The json code coverage export follows the following format
Root: dict => Root Element containing metadata
-- Data: array => Homogeneous array of one or more export objects
  -- Export: dict => Json representation of one CoverageMapping
    -- Files: array => List of objects describing coverage for files
      -- File: dict => Coverage for a single file
        -- Branches: array => List of Branches in the file
          -- Branch: dict => Describes a branch of the file with counters
        -- Segments: array => List of Segments contained in the file
          -- Segment: dict => Describes a segment of the file with a counter
        -- Expansions: array => List of expansion records
          -- Expansion: dict => Object that descibes a single expansion
            -- CountedRegion: dict => The region to be expanded
            -- TargetRegions: array => List of Regions in the expansion
              -- CountedRegion: dict => Single Region in the expansion
            -- Branches: array => List of Branches in the expansion
              -- Branch: dict => Describes a branch in expansion and counters
        -- Summary: dict => Object summarizing the coverage for this file
          -- LineCoverage: dict => Object summarizing line coverage
          -- FunctionCoverage: dict => Object summarizing function coverage
          -- RegionCoverage: dict => Object summarizing region coverage
          -- BranchCoverage: dict => Object summarizing branch coverage
    -- Functions: array => List of objects describing coverage for functions
      -- Function: dict => Coverage info for a single function
        -- Filenames: array => List of filenames that the function relates to
  -- Summary: dict => Object summarizing the coverage for the entire binary
    -- LineCoverage: dict => Object summarizing line coverage
    -- FunctionCoverage: dict => Object summarizing function coverage
    -- InstantiationCoverage: dict => Object summarizing inst. coverage
    -- RegionCoverage: dict => Object summarizing region coverage
    -- BranchCoverage: dict => Object summarizing branch coverage

Sadly this is still not very explanatory regarding what a segment is, or how it's structured.
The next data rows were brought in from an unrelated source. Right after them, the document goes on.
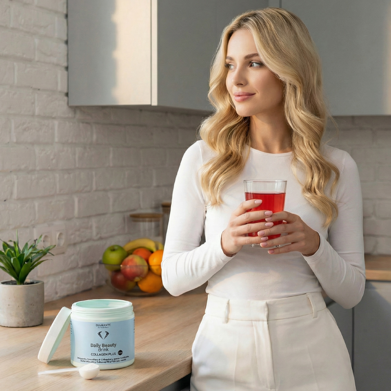 Il Daily Beauty Drink è un integratore alimentare che combina il potere del collagene idrolizzato, dell’acido ialuronico, e della vitamina C per supportare la salute della pelle e delle articolazioni. Questi ingredienti sono facilmente assimilabili dal corpo, attraversando la barriera intestinale per raggiungere direttamente il derma, dove svolgono un’azione rigenerante e protettiva.
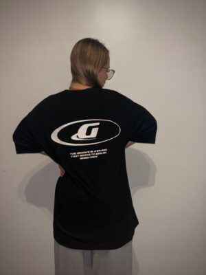 Remera estilo oversize en tela importada de algodón con excelente calidad, color negro, detalle de estampa su frente (logo) y de atras (diseño) con tecnica serigráfica, en color blanco. Disponible en L y XL. Referencia la modelo está usando un XL combinado con nuestro jogger cargo titanio. Otros colores disponibles negro y gris oscuro.
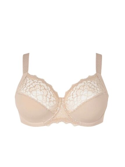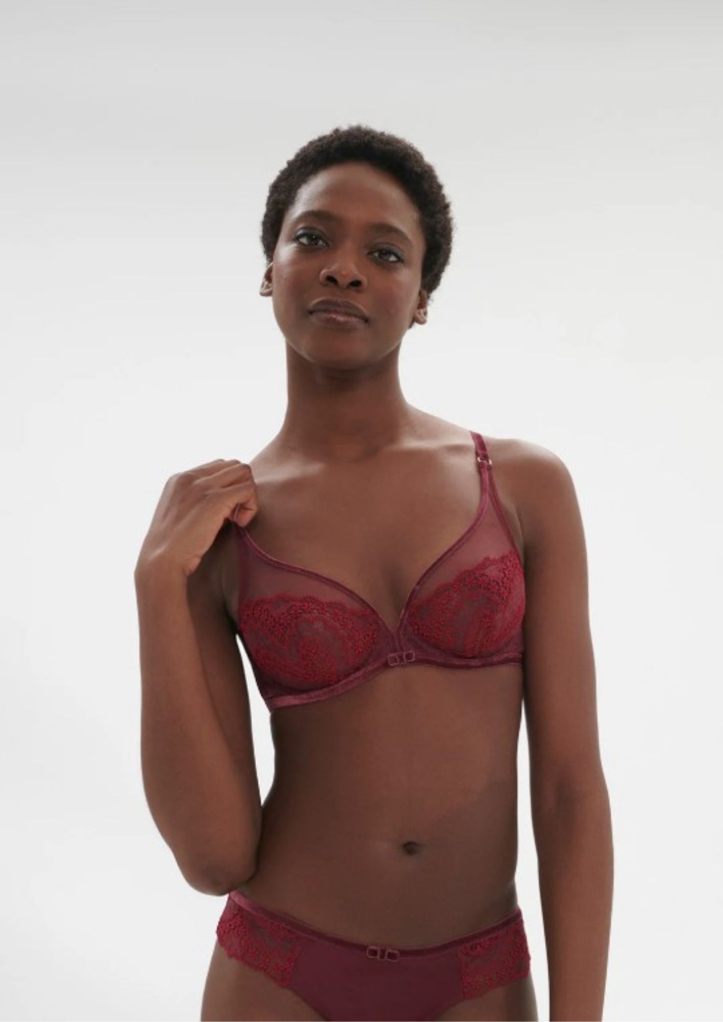 This stunning underwire plunge bra has an elegant full coverage shape that showcases an exquisite mélange of French embroidery on lace, velvet trim, and sheer tulle. The Scenario Full Coverage Plunge supports and shapes the bust with unlined cups and a sheer, U-shaped back.
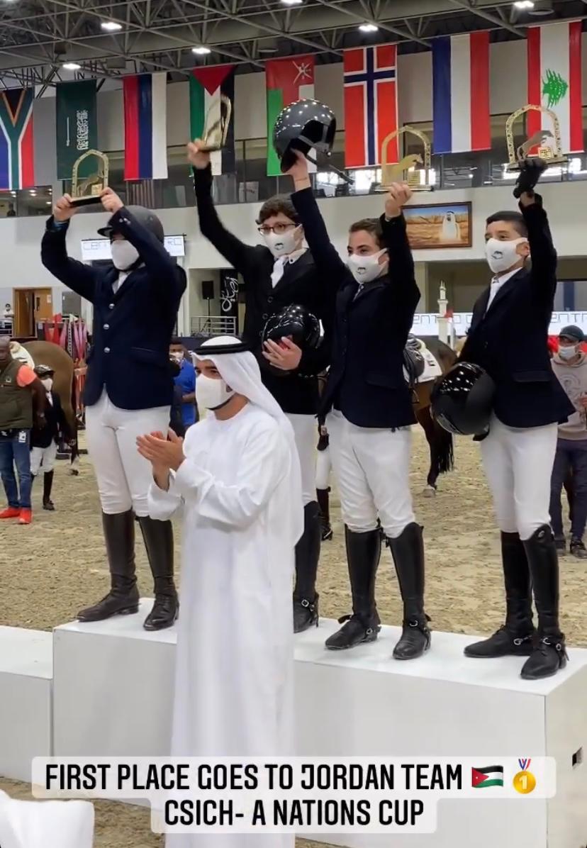توج فريق المنتخب الوطني للأشبال الاردني للفروسية بالمركز الاول في بطولة الاطفال CSICH_ A ،ضمن فعاليات كاس الامم في امارة الشارقة في دولة الامارات العربية المتحدة،شارك فريق الاردن للأشبال (الاطفال) في بطولة الشارقة الدولية – المجموعة السابعة – في دولة الامارات العربية المتحدة – وقد حصل الفريق الاردني على المركز الاول في هذه المنافسة التي كانت بين فريق الامارات ، الاردن ومصر .

Looking a bit more in detail at the code we find the following two snippets:

json::Array renderSegment(const coverage::CoverageSegment &Segment) {
  return json::Array({Segment.Line, Segment.Col, int64_t(Segment.Count),
                      Segment.HasCount, Segment.IsRegionEntry});
}

json::Array renderRegion(const coverage::CountedRegion &Region) {
  return json::Array({Region.LineStart, Region.ColumnStart, Region.LineEnd,
                      Region.ColumnEnd, int64_t(Region.ExecutionCount),
                      Region.FileID, Region.ExpandedFileID,
                      int64_t(Region.Kind)});
}

Which should give you a better idea of what the entries mean.

The file ID seems to index into the filenames given in the expansions.